Sjögren's syndrome (pSS) is an autoimmune disorder affecting mainly the exocrine glands.this lead to dryness of the main mucosal surface ,such as the mouth ,eye,skin nose,pharynx,larynx and vagina . The history of the disease is characterized by a slowly progression of sicca symptoms and fatigue; however, a subset of patients would experience extra glandular activity. Lipid mediators derived from polyunsaturated fatty acids, related to inflammation and immune response regulation.

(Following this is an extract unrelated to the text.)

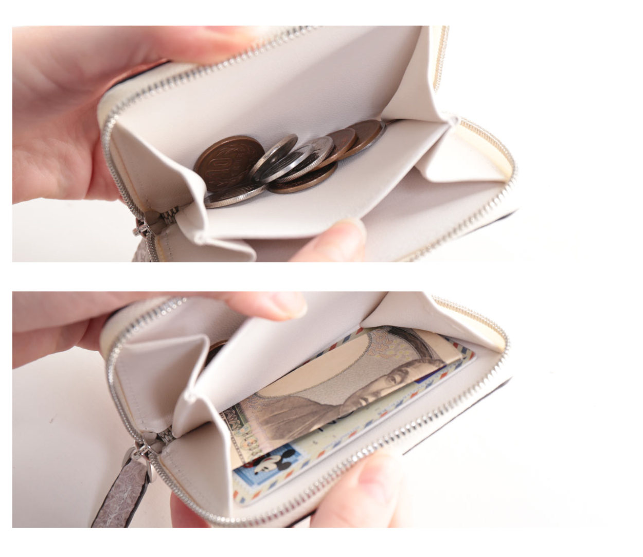小銭はもちろん、カード、一万円札も折って収納できるので、小さくても便利なアイテムです。

In this sense, the polyunsaturated fatty acids omega-3 (ω-3 FA) have been associated with several illnesses such as cancer, cardiovascular disease and autoimmune diseases and their balance at the cellular membranes can result in an anti-inflammatory .

Eligibility Criteria

Inclusion

Inclusion Criteria:

  • Age≥ 18 and ≤ 70 years old .
  • Able to provide inform consent
  • Patients diagnosed as syndrome according to 2016 ACR(American college ofRheumatology)/ EULAR(European league Against Rheumatism classification criteria forSjögren's syndrome

Exclusion

Exclusion Criteria:

  • any preexisting ocular disease or on eye drops lubricants.
  • patients on (Beta blockers, Diuretics , anticholinergic, α 1antagonist and α 2 agonist ,anticoagulant, antidepressant, antihistamine ,pilocarpine, cevimeline ) .
  • past history of diabetes, psychiatric disorder.
  • pregnancy, lactating mother
  • malignancy

Study Design

Total Participants: 100
Treatment Group(s): 2
Primary Treatment: Omega 3 fatty acid
Phase: 2/3
Study Start date:
September 02, 2021
Estimated Completion Date:
February 07, 2023

Study Description

this is a randomized double -blind placebo -controlled clinical trial .the participants will be randomize into two groups .Group 1 receive dietary omega-3 supplementation (omega-3 group) whereas Group 2(placebo group) receive a placebo . The two types are similar to each other in the form of soft gel ,both are given two times daily for two months with follow-up of patients whom they full fill the inclusion criteria.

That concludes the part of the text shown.